Hot tears started to her eyes, but she winked them back. He shook his head, got up, then turned to her as though he had to explain something to a child. “We’re not talking about things. We’re talking about words. I’m not a poet. I don’t even want to be a poet. To me, that’s just funny. I say something to you my own way, and wham you go moral on me. Well what do I do now? It’s a pure question of prudery, and—”
“That’s a lie.”
Her lungs were filling with breath now, so much that she felt it would suffocate her. Her face screwed up into the squint, and the glittering tears made her eyes look hard, cold, and feline. She sat perfectly still, her legs crossed, and looked at him, where he stood facing her on the other side of the room. After a long pause she went on, in a passionate, trembling voice. “Since you’ve known me, that’s what I’ve been to you, a piece of tail.

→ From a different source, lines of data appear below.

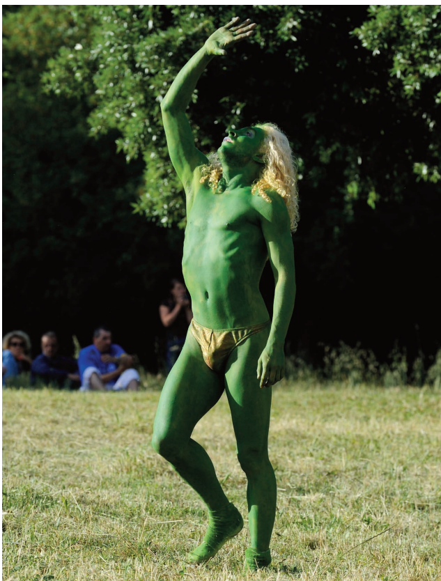
Dances libres, festival d'Uzès 2010.

Mardi 31 janvier 2012 et mercredi 1 er février à 20h30
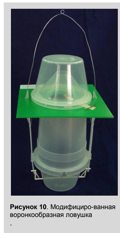
Рисунок 10. Модифицированная воронкообразная ловушка

Модифицированная воронкообразная ловушка состоит из пластиковой воронки и нижнего ловчего контейнера (рисунок 10). На верхушке воронки имеется большое отверстие (диаметром 5 см), над которым помещается верхний ловчий контейнер (из прозрачного пластика).
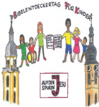
Bild: ökum. Kinderbibelenntdeckertag
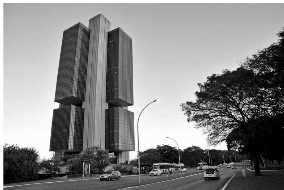
Comitê do Banco Central evitou dar pistas sobre a evolução dos juros nos próximos meses

A taxa básica de juros serve de referência para as demais taxas da economia e é o principal instrumento do Banco Central para manter a infla-
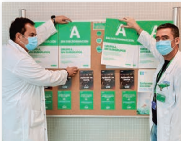
Delegados del Área VIII (Mar Menor)
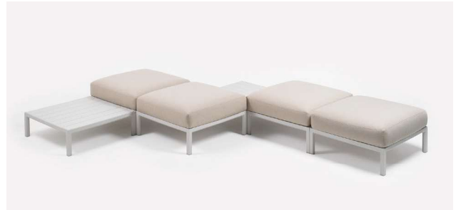
MAXIMO POUF gesso / perla Sunbrella® _ MAXIMO TAVOLINO gesso
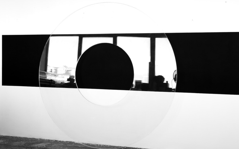
Lapsus VIII, 2010 | Círculo de metacrilato de 180 cm de diámetro x 1,5 cm | Pintura mural

Miquel Mont fue uno de los artistas que atrajo la atención de Josep Suñol a principios de los noventa, en un momento en el que la mirada del coleccionista estaba focalizada sobre todo en artistas emergentes y propuestas que se desarrollaban en paralelo a los circuitos oficiales. Su obra, que denotaba un claro interés por el trabajo analítico de la pintura, no tardó en incorporarse a la colección.
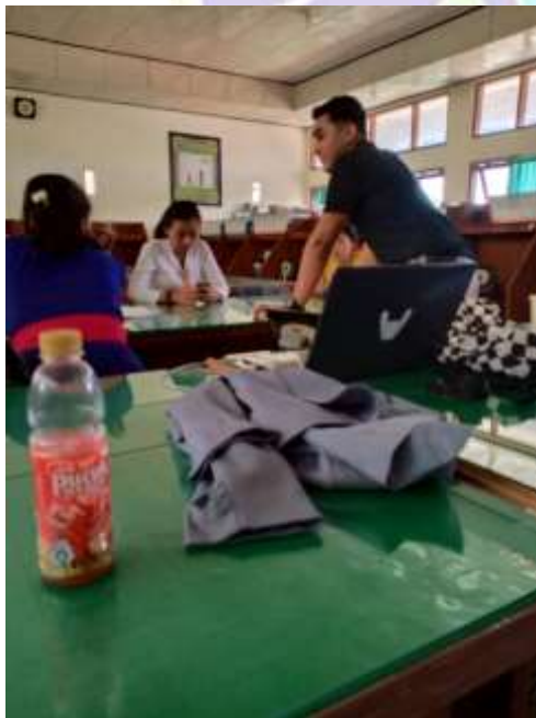
Gambar 2 : Aktifitas Literasi Siswa dan Siswi di Perpustakaan SMK Negeri 2 Singaraja

Sumber : Dokumen Ridwan, 12 Februari 2020

You’ve taken me to mountain shacks and back-street speakeasies, you’ve never introduced me to your friends — except for a few men you’ve brought over to dinner sometimes — or your mother, or your sister, or any member of your family. You’re ashamed of me, and now that you’re in my debt, you had to say what you just said to me, to get even. It’s not a surprise to me. I’ve known it all along. Now you can go.”